LEFT JOIN "Customer" ON ("Orders"."custkey" = "Customer"."custkey"))
) "Orders_relationsub" ON ("Orders"."orderkey" = "Orders_relationsub"."orderkey"))
)
SELECT
orderkey
, customer_name
FROM
Orders
In the Orders
CTE, we can find that it contains a JOIN to access the column name
from Customer
. The user can use customer_name
like a normal column.
How about TO_MANY
? Let’s see the generated SQL of consumption
in Customer
.
WITH
"Orders" AS (
SELECT
"Orders"."orderkey" "orderkey"
, "Orders"."custkey" "custkey"
, "Orders"."orderstatus" "orderstatus"
, "Orders"."totalprice" "totalprice"
, "Orders"."orderdate" "orderdate"
FROM
(
SELECT
o_orderkey "orderkey"
, o_custkey "custkey"
, o_orderstatus "orderstatus"
, o_totalprice "totalprice"
, o_orderdate "orderdate"
FROM
"memory"."tpch"."orders" "Orders"
) "Orders"
)
, "Customer" AS (
SELECT
"Customer"."custkey" "custkey"
, "Customer"."name" "name"
, "consumption"."consumption" "consumption"
FROM
((
SELECT
c_custkey "custkey"
, c_name "name"
FROM
"memory"."tpch"."customer" "Customer"
) "Customer"
LEFT JOIN (
SELECT
"Customer"."custkey"
, sum("Orders"."totalprice") "consumption"
FROM
((
SELECT
c_custkey "custkey"
, c_name "name"
FROM
"memory"."tpch"."customer" "Customer"
) "Customer"
LEFT JOIN "Orders" ON ("Orders"."custkey" = "Customer"."custkey"))
GROUP BY 1
) "consumption" ON ("Customer"."custkey" = "consumption"."custkey"))
)
SELECT
name
, consumption
FROM
Customer
It’s easy to find the JOIN part in the Customer
CTE is different from the part of customer_name
in Orders
. It’s an aggregation query which sums the totalprice
in Orders
and groups by the primary key of Customer
, custkey
.
The implementation is simple; however, it has a limitation: Cycling Relationship.

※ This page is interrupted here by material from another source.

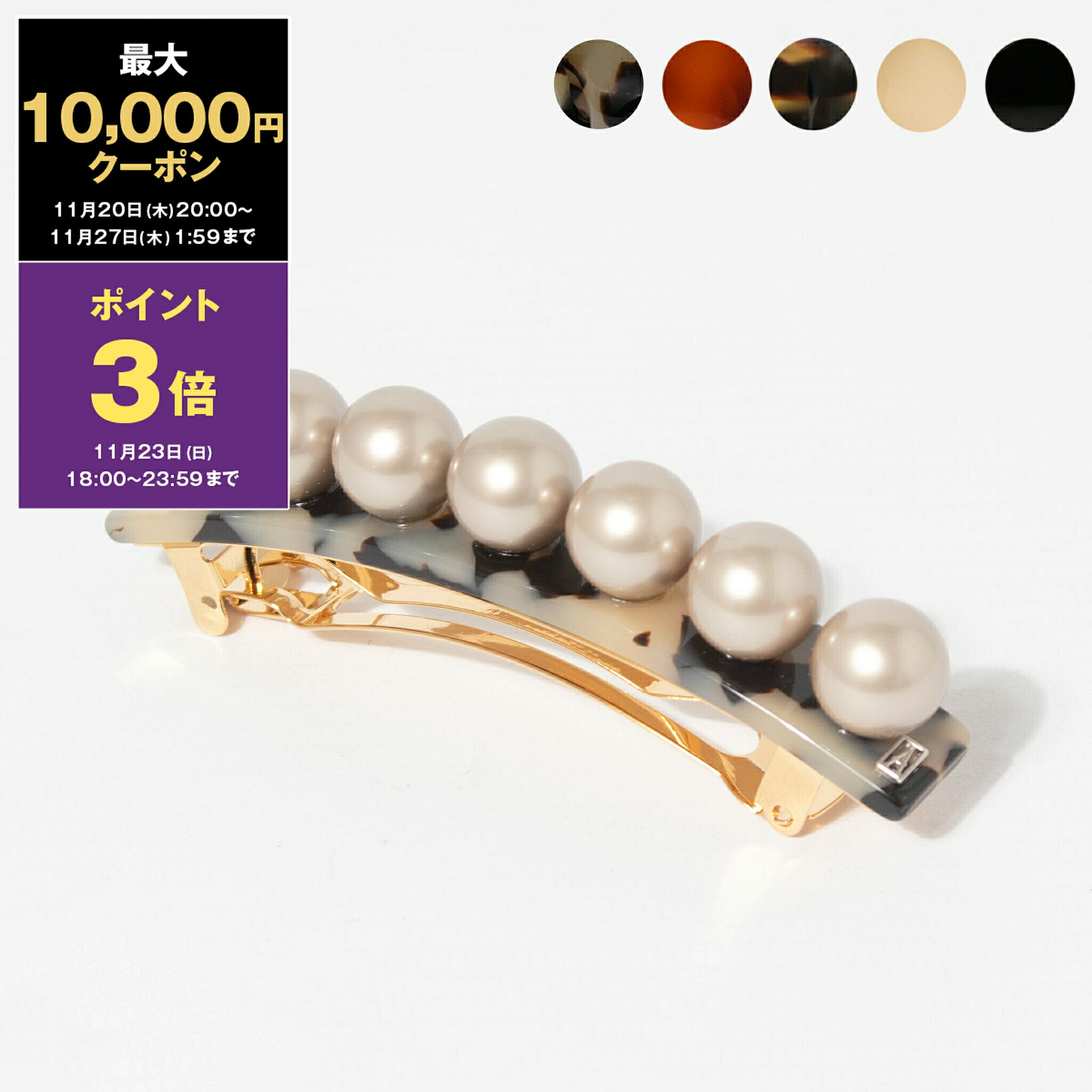 ブランドALEXANDRE DE PARISはこちら「女性の美を芸術の域にまで到達させた」と評さる高級ヘアアクセサリーメーカー。モナコのグレース王妃、オードリー・ヘップバーンをはじめ世界の王侯貴族やトップレディーたちが顧客に名を連ねています。高完成までに4人がチェックする程ひとつひとつ丁寧に手作りされたバレッタやカチューシャは、フレキシブルな使い心地です。スタイルバレッタ商品説明【LES PERLES OVERSIZE BARRETTE】大粒のパールが目を引くバレッタ。ブランドロゴがアクセントになった、上品で清潔感のあるアイテムです。年齢を問わずお使いいただくことができ、アレンジ次第で幅広い場面で活躍する一品です。カラー[全5色]ALBINOS(G) - アルビノス、ロゴ:シルバーBEIGE(S) - ベージュ、ロゴ:ゴールドECAILLE(E)- エカイユ、ロゴ:ゴールドNOIR(N2) - ブラック、ロゴ:シルバーTOKYO(W)- トーキョー、ロゴ:ゴールドメタル部分:ゴールド素材ACETATE(アセテート)、SWAROVSKI CRYSTAL PEARLS(スワロフスキー クリスタル パール)サイズ(約)H1×W8×D2cm> サイズガイドはこちら重量(約)28g付属品ALEXANDRE DE PARIS オリジナル保存袋製造国フランス ※入荷時期により、仕様が異なる場合がございます。予めご了承ください。※ディスプレイ環境の違いにより、多少色味が写真と異なる場合がありますのでご了承ください。※サイズの若干の誤差はご了承ください。※稀に商品の保存箱・袋に破損(折れ、へこみ、破れ、汚れ等)などが見られる場合がございますが、初期不良対象外とさせて頂きます。コチラを理由とした返品交換・キャンセル等はお受けしておりませんので、予めご了承ください。 ※保存袋のデザイン・サイズはシーズンによって異なります。サイズについては商品に見合わない場合がございます事、予めご了承ください。※ハンドメイドについて本製品はハンドメイドで作られているため個体差や、黒い点、塗りむら、細かなスレ傷、スワロフスキーの数、位置などが若干異なる場合などございます。ブランド検品後問題ないと判断した商品を販売しておりますので、上記の理由による返品は対象外となります。

As we discussed, both the model implementation and the relationship are managed by CTE. The Wren Engine dynamically generates the SQL. However, CTE requires a sequential ordering; it can only access CTEs that appear before it.
Think about this case:
SELECT o.customer_name, c.consumption
FROM Customer c JOIN Orders o ON o.custkey = c.custkey
It uses both customer_name
and consumption
in SQL. How does the Wren Engine sort CTEs? Understanding this will allow us to determine that the topology of the CTEs is a Directed Acyclic Graph (DAG). If you receive the error message regarding cycling relationships, check whether the selected items create a dependency cycle or not.